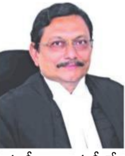
సుప్రీం కొత్త సీజ్ జస్టిస్ బొబ్బే సీజ్ గాగోయ్ సిఫారసు

సంపుటి: 58 • సంఖ్య: 180 • శనివారం 19 అక్టోబర్ 2019 • హైదరాబాద్ • పేజీలు: 10+4 • వెలు: 5.00 • Published from: Hyderabad | Karimnagar | Nizamabad | Suryapet | Vijayawada | Guntur | Rajahmundry | Visakhapatnam | Tirupati | Kurnool | Anantapur | Nellore
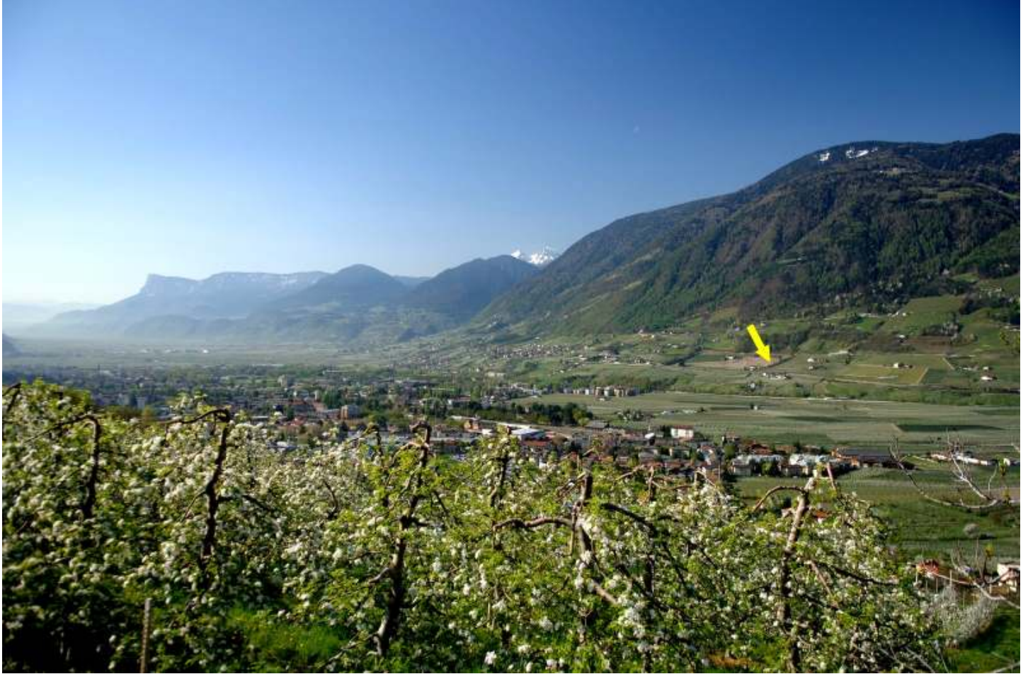
Blick in das Meraner Etschtal von Dorf Tirol nach Marling zum Hotel hin: gelber Pfeil

Das Meraner Etschtal. Zu Füßen des Marlinger Berges liegt die Kurstadt Meran. Darüber eingebettet in Obstwiesen ruht seit Generationen der Erbhof Unterpazeider mit seinem fantastischen Ausblick nach Schloß Dorf Tirol, Algund und Meran
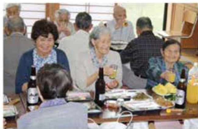
和やかな雰囲気皆さんが笑顔に (矢塚)
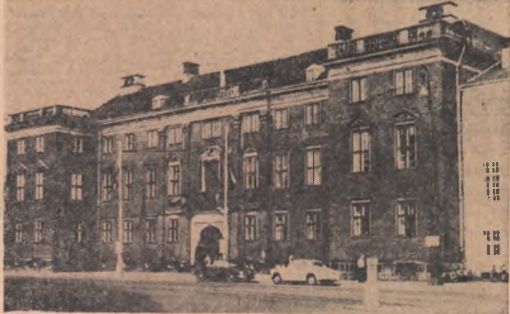
DANEMARCA. — Clădirea Academiei de arte din Copenhaga

ția americană nu poate rămîne nepe-depsită. Participanții la miting au subliniat hotărîrea lor de a menține în orice condiții și de a depăși producția și în același timp de a îi gata întodeauna de luptă.
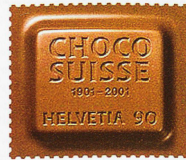
El «Choco Suisse» de 2001 huele a chocolate
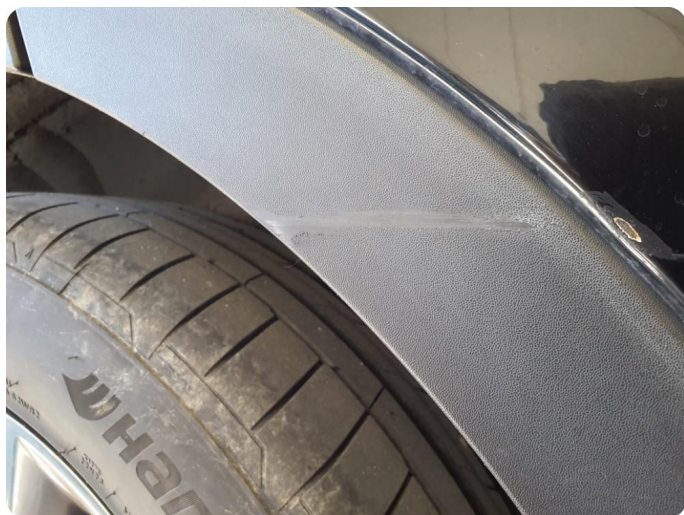
1.8 Skjermutbygger skadet
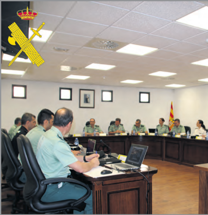
La reunión se hizo en la sala de plenos comarcal. NDM
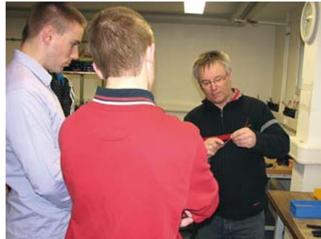
Die Polizeischüler erfuhren, dass Arbeit in der Werkstatt als Therapiemaßnahme zu verstehen ist.

In den Gesprächsrunden mit den Patienten versuchten vor allem die Schüler, möglichst viel für ihren späteren Beruf zu lernen. Sie fragten die Patienten, wie sich Krisen äußern, welche Störungen dahinterstecken, nach ihrer vermuteten Außenwirkung sowie nach Erfahrungen mit der Polizei. Die Polizeischüler zeigten sich überrascht, wie offen die Patienten über ihre Vergangenheit sowie über ihren
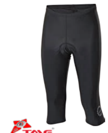
BIKE STUFF SIMPLE M 30 pánské % elastáky s vložkou M-XXL
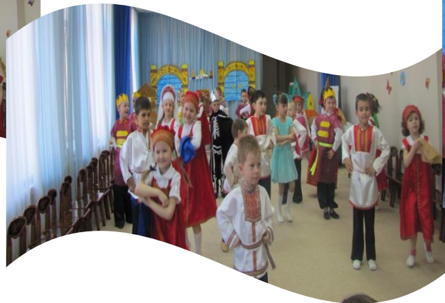
Вот он пир на весь мир!
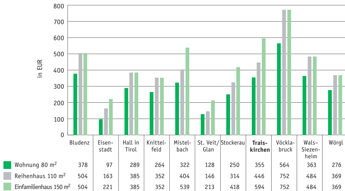
Abbildung 1: Vergleich der jährlichen Kanalbenutzungsgebühren/–entgelte ohne Regenwassereinleitung (Stand 2011)
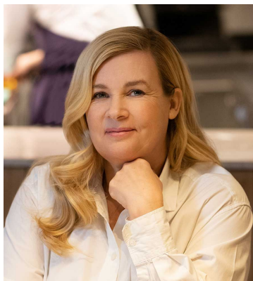
Hélène Darroze** Marsan Paris

Des chef.fes gastronomiques dont 23 étoilé.es :
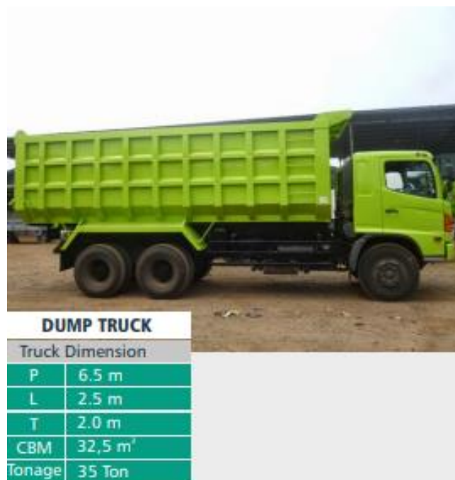
Gambar 2.1 Dump Truck
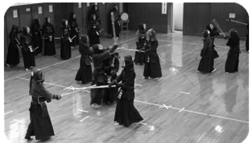
元氣いっぱい。こどもたちには負けません。
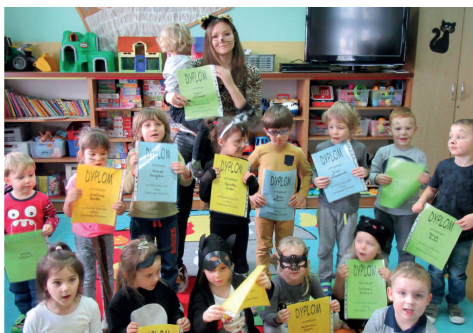
Celem Dnia Kota było zwrócenie uwagi ludzi na los porzuconych i bezdomnych zwierząt
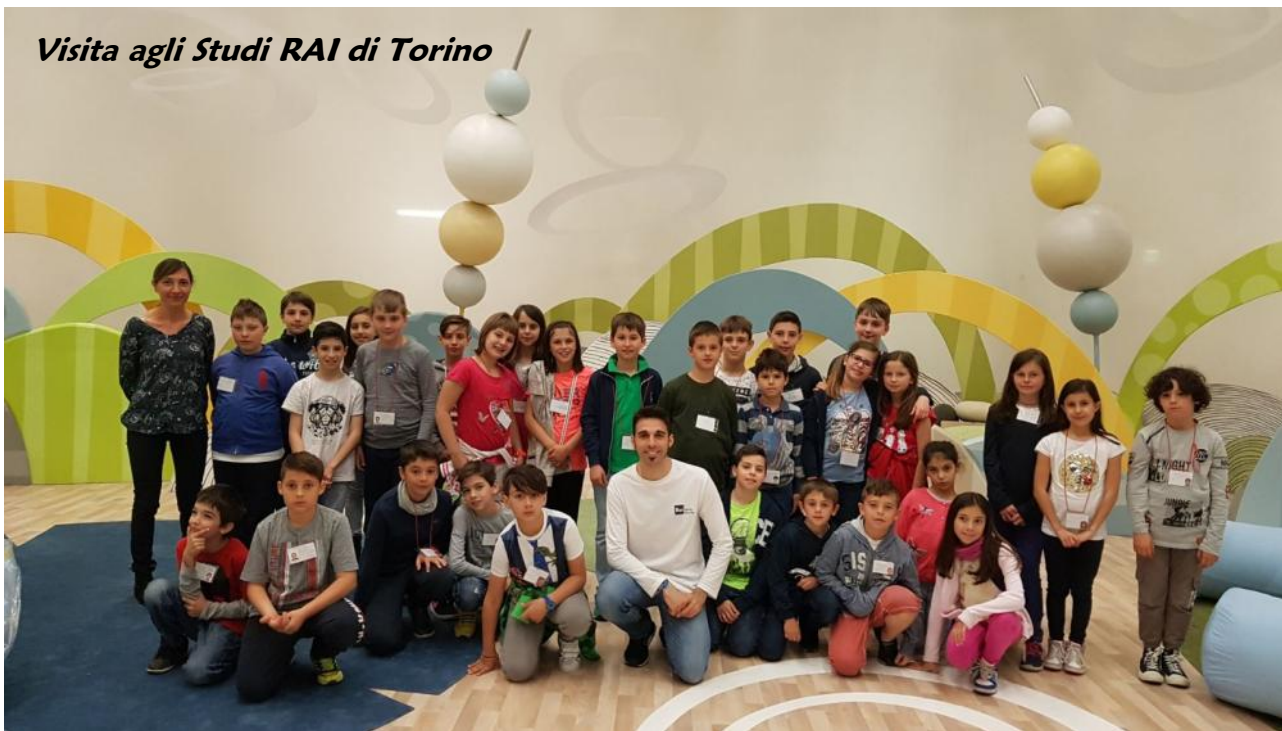
Visita agli Studi RAI di Torino
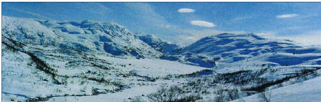
Det vart lange ensomme dager på disse fjellviddene i 700-800 meters høyde

Søndag. Det har snøa og blese heile natta og endå held det på. Snøen ligg i store fenner over alt. Rjupone kom like heim til hytta i dag, og gjekk og pikka og åt i noko bjørkeris eg hadde lagt ned atmed vegg. Det dreiv og snøa så dei sansa kje meg om eg stod i døra, ikkje meir enn 2 m. ifrå dei. Klokka 2. Snødrevet har lagt seg. No regner det så smått og dryp av taket. Eg skulle ynskja at regnet ville halda på ei stund, sa noko av all denne snøen ville tina burt. Det er felt å gå å vassa i så mykje snø, så tidleg på vinteren. Har ikkje kome utfor døra til nokon ting heile dagen. Lange dagar
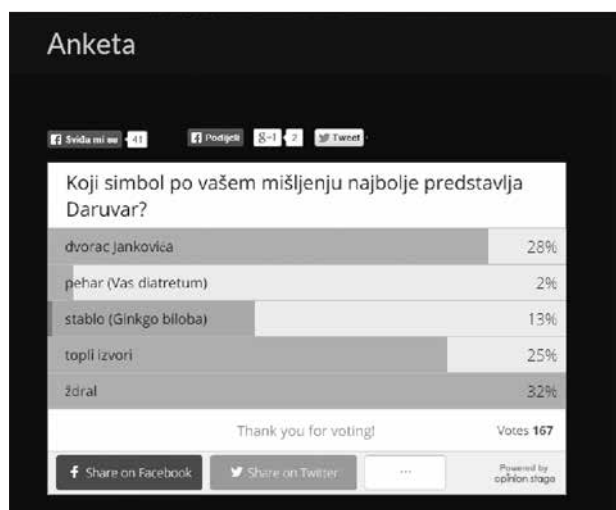
Slika 4. Internetska anketa

5) ždral (za ovaj simbol nije bilo potrebno ništa napominjati zbog njegove najveće rasprostranjenosti u svim sferama daruvarskoga života).
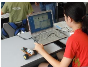
東京工芸大学・ロボット制御
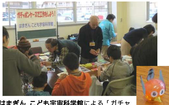
はまぎん こども宇宙科学館による「ガチャボン ケースで工作しよう」です。とてもかわいい鳥さんができました。
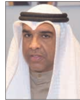
المستشار عبدالرحمن النمش

لتعزيز النزاهة والشفافية ومكافحة الفساد. وأشار إلى أن هذه المدونة جاءت لتؤكد على ما يتمتع به رجال النيابة العامة من نزاهة وإخلاص ومثابرة معهودة فيهم وحرص على إقرار مبادئ العدالة والمساواة والسهر على تطبيق القانون ورعاية مصالح المواطنين والانضباط والالتزام بقواعد السرية واحترام العمل وتنمية قدراتهم العلمية والقضائية وحظر التكبسب من حصانتهم القضائية. ودعا رئيس «نزاهة»
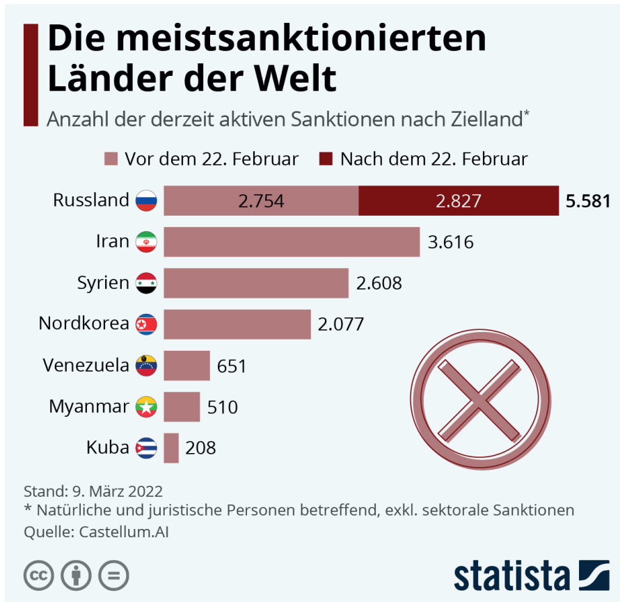
Die meistsanktionierten Länder der Welt (Statista)

Die Frage ist: Wie deuten, wie interpretieren wir diese Fakten? In welche Geschichte ordnen wir sie ein? Genau-
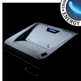
ENERGY SMART® Sistema di gestione energia a indicatori ottici luminosi ENERGY SMART® per il risparmio di energia in modalità stand-by
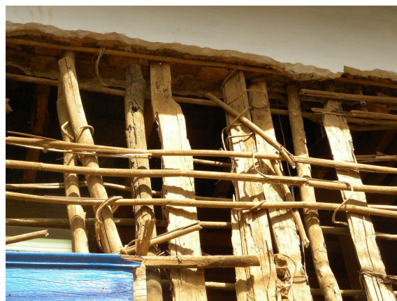
O estado da trama original
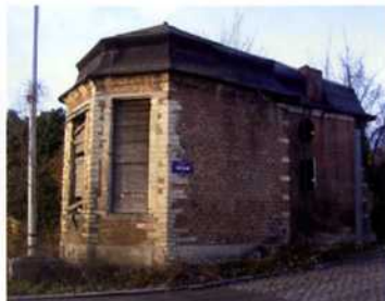
Paviljoenen bij de ingang van het vroegere Meudonlandgoed
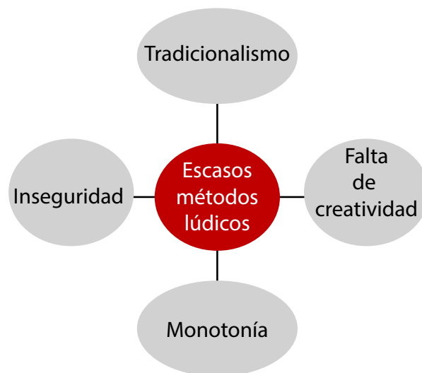
Figura 3. Escasos métodos lúdicos

La categoría emergente titulada “falta de motivación” establece vínculos entre el desinterés de los ET, la falta de estímulo por parte de los DC, el tradicionalismo y la carencia de creatividad en el desarrollo de la escritura. Es válido señalar que, aunque el objeto de estudio se centró en la oralidad, siempre estuvo relacionado con la escritura, como se analizó desde la teoría base y las respuestas
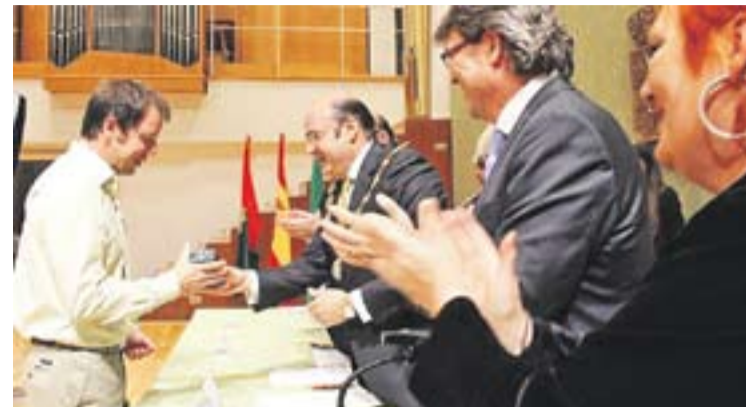
© Lluís Gibert, recull la medalla a l'Ajuntament de Granada. || DIP. GRANADA
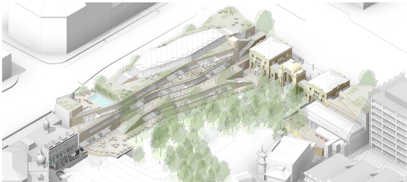
Projektet set fra luften mod Tivolihaven, hvor projektet består af en række terrasser og trapper med adgang til Tivoli og taghaven. Ill. Pei Cobb Freed & Partners.
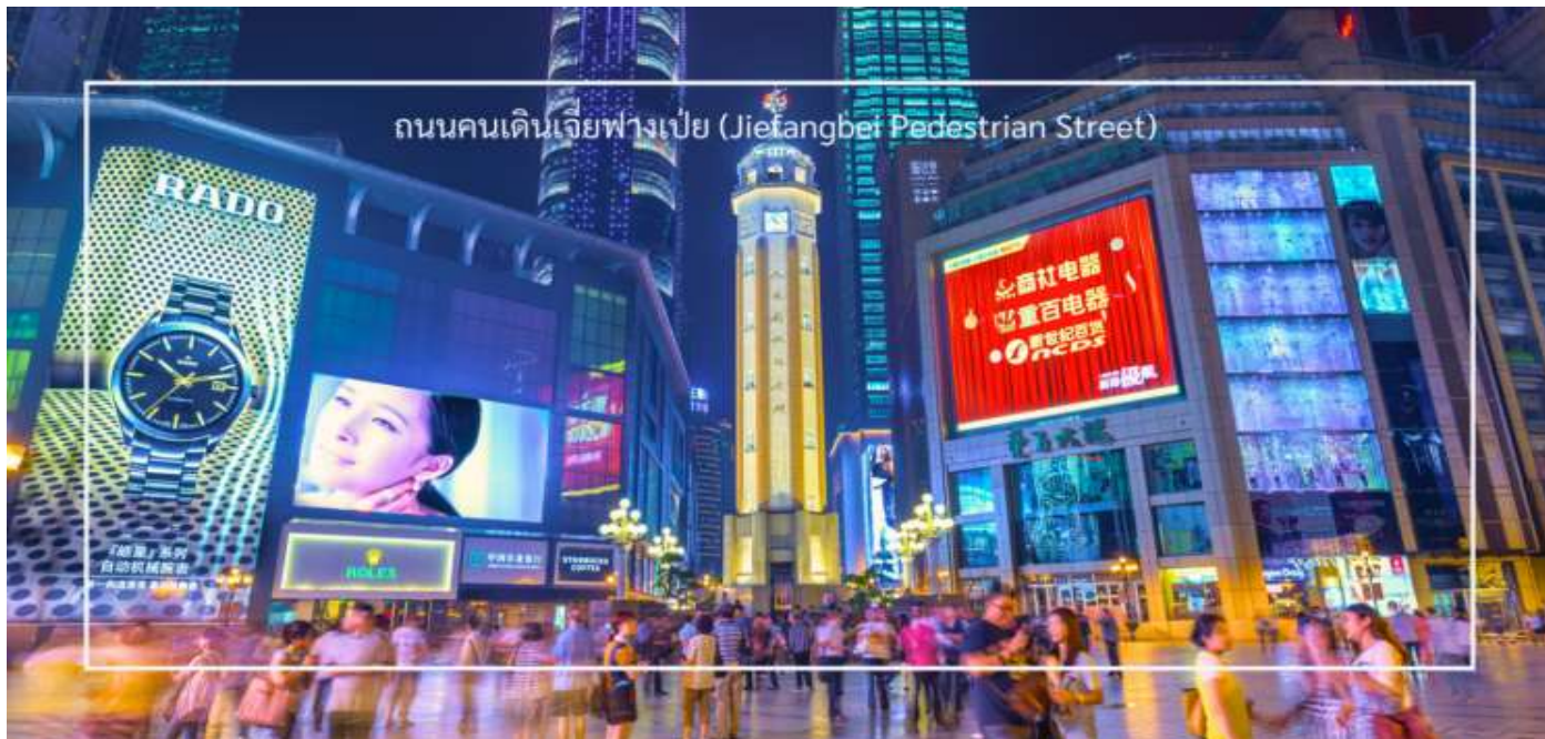
ถนนคนเดินเจียงเป่ย์ (Jiefangbei Pedestrian Street)

คึกคัก มีร้านค้า ร้านอาหาร และสถานบันเทิงมากมาย ถนนนี้ตั้งอยู่ใกล้กับสถานที่ท่องเที่ยวสำคัญอื่นๆ เช่น มหาศาลาประชาชนแห่งเมืองฉงชิ่ง ทำให้สามารถเดินเที่ยวชมได้อย่างสะดวก ถนนสายนี้มีบรรยากาศที่มีชีวิตชีวา โดยเฉพาะในช่วงเย็นที่มีแสงไฟและการแสดงต่างๆ ที่ทำให้บรรยากาศน่าสนใจยิ่งขึ้น และยังเต็มไปด้วยร้านค้าแบรนด์เนม ร้านค้าท้องถิ่น และตลาดที่ขายสินค้าต่างๆ เช่น เสื้อผ้า เครื่องประดับ และของที่ระลึก ท่านสามารถแวะช้อปปิ้งร้านดัง “POPMART” ร้านดังจากจีน ที่รวมพิกเกอร์ดีไซน์เก๋และตุ๊กตาน่ารักหลากหลายซีรีส์ยอดนิยม เช่น Molly, Dimoo, Labubu และอีกมากมาย ที่สายสะสมของเล่นไม่ควรพลาด

**WHAT TO DO**
Your answer should be a single number: the count of lines in the entries that contain the word "Tirol".

**RESPONSE AREA**
2